传统光学显微镜的放大极限大概在两千倍左右,不过兽医站的新设备应用了特殊透镜,外加电子技术的进步,可以在相当程度上突破极限。除了极为细小的病毒以外,一切宏观生物都不在话下。
他不说这句保证还好,说出这句保证后孙真人的目光愈发微妙了。他刚才仔细检查过那传闻中的“显微镜”,虽然也对其精巧绝伦的内部结构大感惊叹,却实在没有看出什么玄奥神秘之处——这玩意儿连神光灵气都一概缺如,不过就是个精致的铁坨坨而已,又怎么可能会有神效呢?
……所以,这少年郎该不会是被自家长辈给忽悠了吧?
什么“放大万倍”?就是天庭照妖镜,也未必有此等神力。
眼见真人目光狐疑,大手子本能的要为现代技术的光辉成就辩护。但他显然没法仔细讲解数百年来光学领域的伟大兴革,一时竟不知如何措辞。还是红拂察言观色,立刻拔下自己的一根发丝,双手捧了上去:
“眼见为实,真人不如先看看这个吧。”
王恕送来的显微镜是所谓的傻瓜特供版,只要在载物台上夹好发丝,仪器就能自动调整焦距与光程。孙真人按照指示在目镜里仔细看了一眼,立刻便是悚然色变,连连抽气,看得林貌颇为得意,面上略微浮起了笑容。

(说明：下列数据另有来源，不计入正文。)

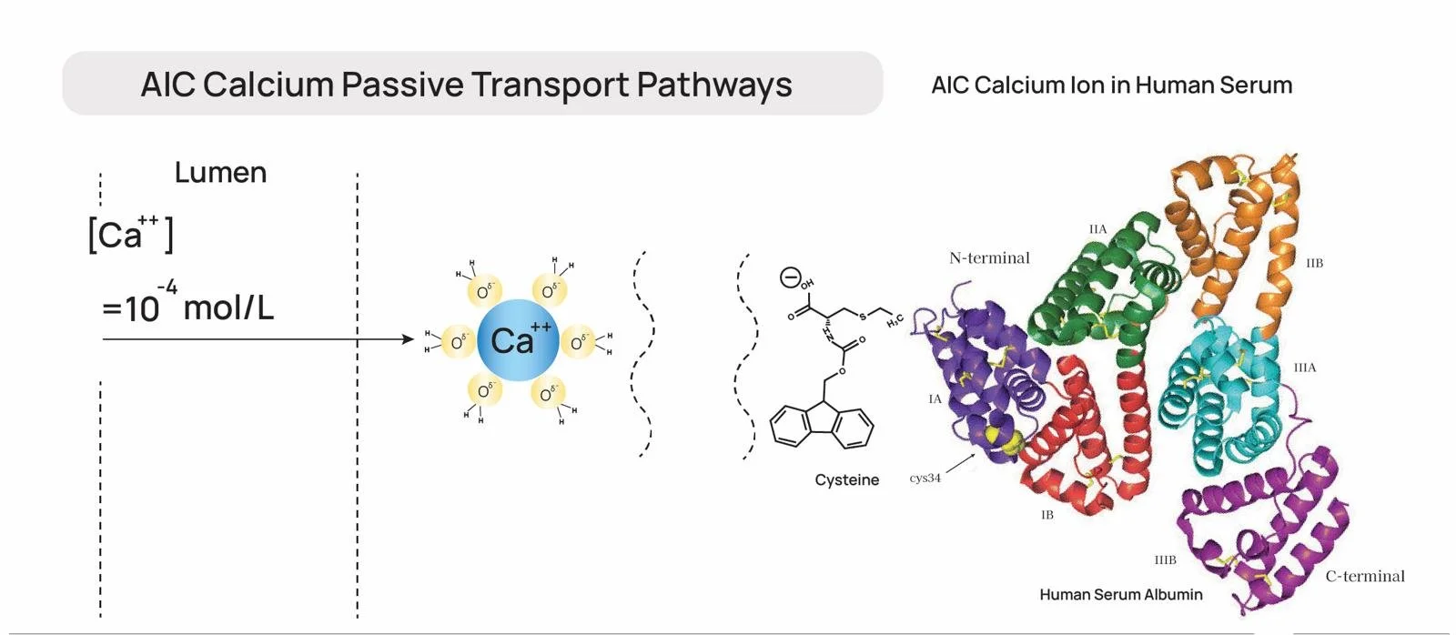 AIC is absorbed only as ionic calcium and is wrapped in the coordination bond of water molecules, avoiding binding with albumin, increasing the amount of ionic calcium in the blood, and all hormones and enzymes related to calcium channels, various cell metabolism activities, p53 function activation, etc.

虽然显微镜与自己毫不相干,但这拿着现代技术做显眼包的妙事,果然还是
永恒的爽点。
他极为矜持的开口:“真人可看见什么了么?”
孙药王抬起头来神色依旧震动:
“小哥这件神物真正是精妙绝伦!老朽坐井观天太过于自以为是了……唉想不到连这么细小的字迹都能看得一清二楚。”
林貌愣住了。
——什么字迹?怎么还会有字迹呢?难道是镜头上标签没有撕?
红拂侍立在侧及时开口补充:
“在下冒昧先前曾用剑气在此发丝上雕了’三人到此一游‘六个字以供检验……”
林貌:…………
好吧现在轮到大手子悚然色变连连抽气了。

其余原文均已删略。